Restigouche: The Long Run of the Wild River by Philip Lee

Review by Jim Gourlay

Goose Lane, 272 pp, 22.95 paperback

Conntext is an important word.Canada is blessed with rivers—thousands of them. Their history dates back millennia and significantly predates human development; but in a mere speck of geological time we have outright destroyed or severely damaged many of them and the wildlife that is/was hosted by them.

These catastrophic realities are the result of historically regarding god-given natural resources as either assets to be exploited for monetary gain or private property to be selfishly and exclusively enjoyed by a privileged few.

Philip Lee concentrates on only one river system, New Brunswick’s internationally celebrated Restigouche, with which he has a very personal relationship—but the content of this impressively and meticulously researched work exemplifies and summarizes the fate of many systems.

The story outlines in painstaking detail how, through greed, selfishness and mindless, single-focus industrialization, the intrinsic value of this magnificent natural resource was set aside.

“If the river were a hundred years old, it ran free from human interference for its first ninety-nine years. All the major disruptions in the watershed would have come at various times in the last year and the great acceleration of change in the past six months.”

Lee compares the mind-boggling numbers of salmon originally ascending the river with the veritable trickle of fish we have today come to regard as normal and acceptable.

“…Ferguson and Christie captured and exported fifty-five thousand to sixty thousand large salmon every year. Others had taken a great many more than that…How did it happen that the runs of salmon have been reduced to what they are today? Instead of answering that question we lower the bar and declare the salmon runs to be healthy when the river meets the government’s new conservation targets of fifteen thousand spawning fish.”

Lee’s work includes perhaps the most articulate and compelling history of blatant racism and the violation of aboriginal history and basic rights this reviewer has ever read. The detailed comparison between the Indigenous philosophy on their benign relationship with the natural world and the exploitive European influence is stark.
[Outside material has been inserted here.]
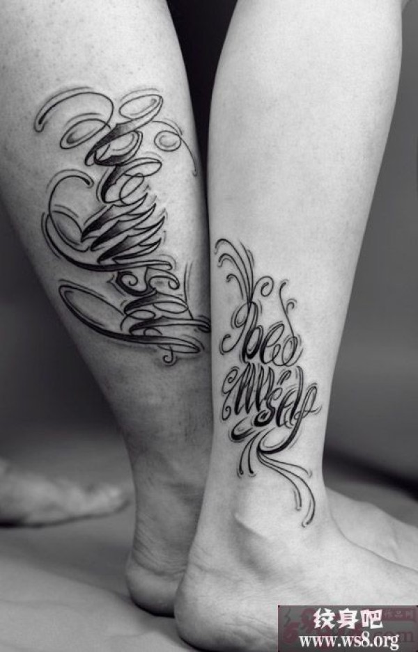 情侣小腿部唯美花体huatiyingwen英文_英文纹身图案大全_纹身图吧

It also touches on the bizarre story of how the British introduced into Canada their selfish feudal system of exclusively reserving natural treasures for the privileged class.

“In the nineteenth century New Brunswick adopted this system of riparian rights on its salmon rivers. The new American aristocrats…bought into the opportunity to buy private fishing rights on the Restigouche, not only because the river offered the finest angling opportunities on the continent but also because these rights were unavailable in their own country.”
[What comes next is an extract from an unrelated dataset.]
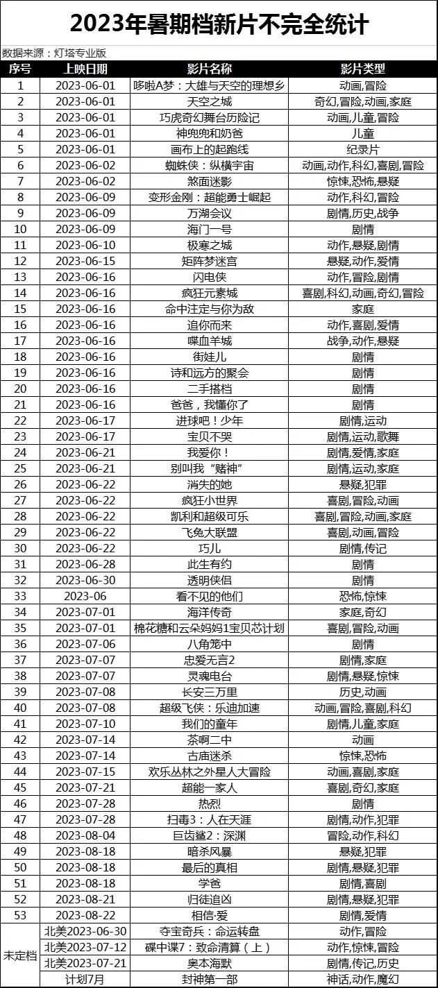 我们简单梳理了今年暑期档的53部已定档影片,目前来看,这批项目中具备一定体量的重点影片数量不足半数。
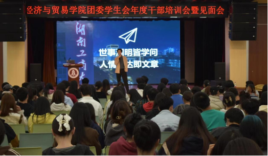 11月24日晚,经济与贸易学院在北校区风采中心成功举办团委学生会年度干部培训会暨见面会。在培训会上,学院团委书记李路远老师对团学会的工作表示高度肯定,并对团学会成员的发展寄予了深切期望,他表示团学会是学生自我管理、自我教育、自我服务的重要组织,对于提高学生的综合素质、促进学生的全面发展具有重要意义。李路远老师强调了团队合作的重要性,鼓励干事们要相互支持,共同面对挑战,实现团队目标,并就如何有效地与同学们沟通,包括倾听、表达、反馈等技巧与团学干事们互动交流。干事们纷纷表示,这次培训让他们受益匪浅,不仅提升了自己的综合能力,也更加明确了自己在团学会中的责任和使命。

Much of a Canadian river could be, and still is, “owned” by non-Canadians, at the expense of Canadians, when foreigners are prevented from doing the same thing in their own country.

The work is extraordinarily well crafted—what is essentially an academic exercise has been transformed into a hard-to-put-down page turner, as compelling as a fine novel. The all-important various contexts in this story (which the author confesses were daunting in their complexity) are clearly explained and skilfully tied up with a bow.

“This region has been a jurisdictional challenge...with administrators from the Canadian Government, two provincial governments, Mi’gmaq nations, private fishing clubs, and municipalities…the river has been managed by a different set of rules depending on whether you anchored your canoe on the New Brunswick or Quebec side of the river…”

The book will obviously appeal particularly well to those afflicted by and addicted to salmon fishing but equally well to amateur historians and the growing number of those among us who care deeply about preserving the abundant natural resources in this vast and sprawling country.

The text is enriched by the author’s hands-on personal anecdotes about his experiences over decades on what is a very user-friendly watercourse for small boats.

Historically, the brutal realities of the vast New Brunswick wilderness for Europeans and early Americans who ventured there without the intrinsic knowledge and skills of Indigenous people is painfully detailed to the extent that the reader cannot fail to admire those who dared to challenge it.

It’s an enlightening, enjoyable read in many ways.